4.4 findFirst / findAny：查找

// 查找第一个
Optional<Integer> first = list.stream()
    .filter(x -> x > 3)
    .findFirst();

// findAny 在并行流中返回任意一个，更快
Optional<Integer> any = list.parallelStream()
    .filter(x -> x > 3)
    .findAny();

4.5 anyMatch / allMatch / noneMatch：匹配

List<Integer> list = Arrays.asList(1, 2, 3, 4, 5);

// 是否有任意一个大于 3
boolean any = list.stream().anyMatch(x -> x > 3);  // true

// 是否全部大于 0
boolean all = list.stream().allMatch(x -> x > 0); // true

// 是否全部不等于 10
boolean none = list.stream().noneMatch(x -> x == 10); // true

4.6 count / min / max

long count = list.stream().count();

Optional<Integer> min = list.stream().min(Integer::compareTo);
Optional<Integer> max = list.stream().max(Integer::compareTo);

五、短路操作

5.1 什么是短路操作

中间操作的短路：limit、skip、distinct 在某些情况下可以提前终止。
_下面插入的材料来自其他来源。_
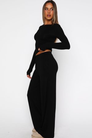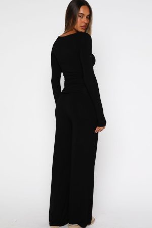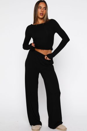 Pyjama glam is a thing … meet the Softly Slumbering Pyjama Set in Black! The long-sleeve top features a jewel neckline and gentle ruching at the sides. crafted from an unlined. high-stretch fabric. The matching pants offer a thick elastic waistband. wide-leg silhouette. convenient side pockets and also in that same high-stretch material. Slip into your go-to slippers. pop on a sheet mask. and you’ve nailed the perfect cosy night-in look.
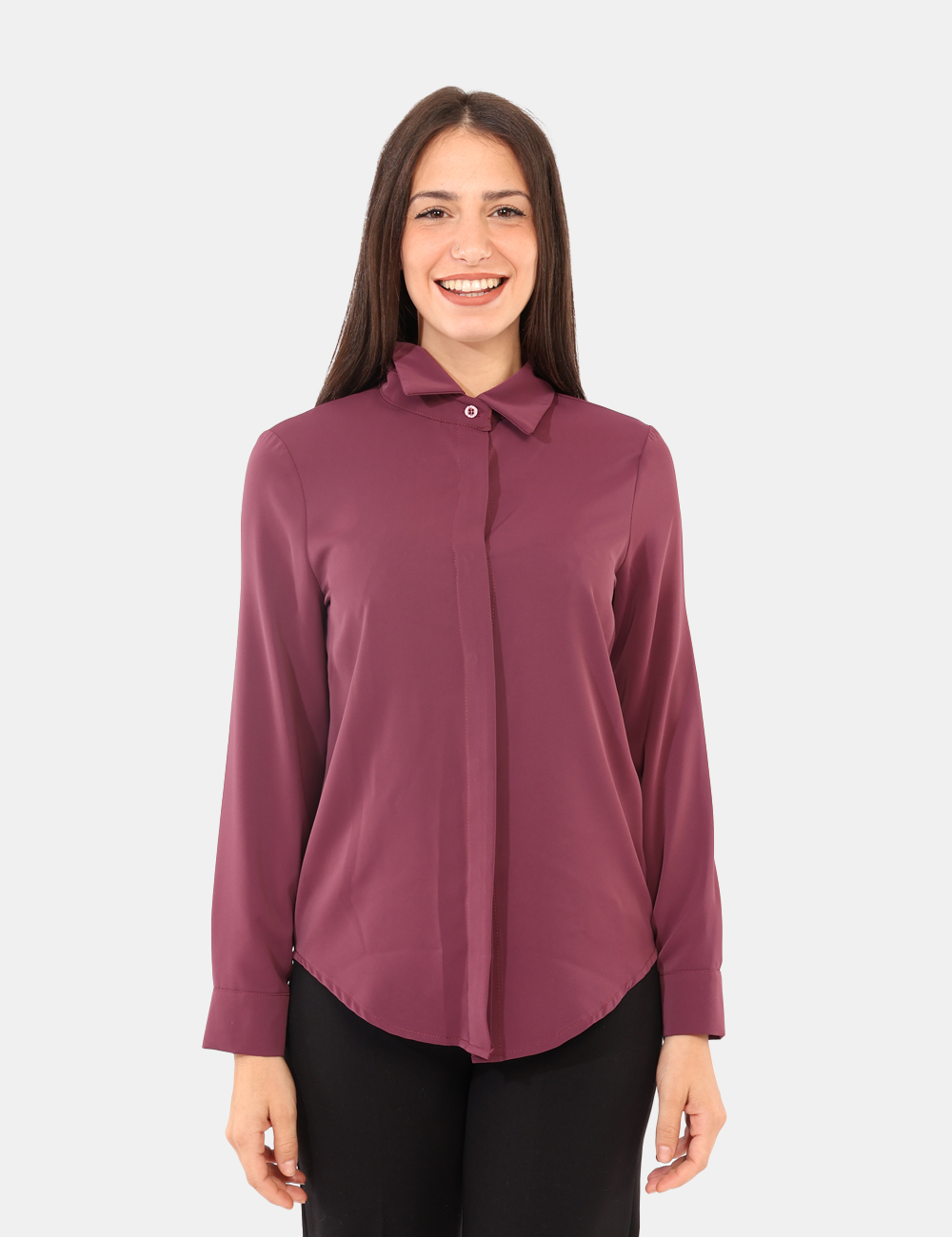 Camicia classica in total viola prugna. La vestibilità è morbida e pratica grazie a bottoni ad asola in tinta. La camicia è adatta per occasioni casual/raffinate e facilmente combinabile. Dona un tocco di stile ai tuoi ooutfit.

终端操作的短路：findFirst、findAny、anyMatch 等不需要遍历全部元素。

// limit 是短路操作
IntStream.range(1, Integer.MAX_VALUE)
    .filter(x -> x % 2 == 0)
    .limit(5)  // 找到 5 个偶数后就停止了
    .forEach(System.out::println);

// 输出：2, 4, 6, 8, 10
// 不会遍历到 Integer.MAX_VALUE

5.2 组合短路

// 找出第一个平方大于 50 的数
OptionalInt result = IntStream.range(1, 100)
    .filter(x -> x * x > 50)
    .findFirst();
// 输出：8（8*8=64>50）
// 只遍历到 8，不会继续

六、顺序流 vs 并行流

6.1 parallelStream

// 顺序流
list.stream().filter(x -> x > 0).collect(toList());

// 并行流
list.parallelStream().filter(x -> x > 0).collect(toList());

// 也可以从顺序流转并行流
list.stream().parallel().filter(x -> x > 0).collect(toList());

6.2 并行流的底层原理

并行流底层使用 ForkJoinPool.commonPool()：

// ForkJoinPool 默认并行度 = CPU 核心数 - 1
// 4 核 CPU：并行度 = 3
// 可以通过系统属性修改
// -Djava.util.concurrent.ForkJoinPool.common.parallelism=4

6.3 并行流不是万能的

// ❌ 错误：并行流不一定更快
// 小数据量：并行开销 > 串行优势
List<Integer> small = Arrays.asList(1, 2, 3);
small.parallelStream().filter(x -> x > 0).collect(toList()); // 串行更快

// CPU 密集型：并行效果好
// IO 密集型：并行效果可能不好（线程等待 IO）

6.4 并行流的注意事项

// ❌ 并行流中使用有副作用的操作
Set<String> set = ConcurrentHashMap.newKeySet();
list.parallelStream().forEach(set::add);  // 不确定的行为

// ✅ 使用正确的方式
Set<String> correct = list.parallelStream()
    .collect(Collectors.toSet());

// ❌ 顺序敏感的操作在并行流中可能出问题
List<Integer> orderSensitive = list.parallelStream()
    .collect(Collectors.toList());  // 不保证顺序！

七、【直观类比】管道执行顺序

【直观类比】

Stream 管道就像一条自助洗衣流水线：

           中间操作（洗涤步骤）
                │
  ┌─────────────┼─────────────┐
  │             │             │
  ▼             ▼             ▼
[预洗] ───→ [主洗] ───→ [漂洗] ───→ [脱水] ───→ [烘干]
 filter      map         distinct     sorted      collect

关键是：所有步骤同时准备就绪，但只有在最后一步（终端操作）触发时，整个流水线才开始运转。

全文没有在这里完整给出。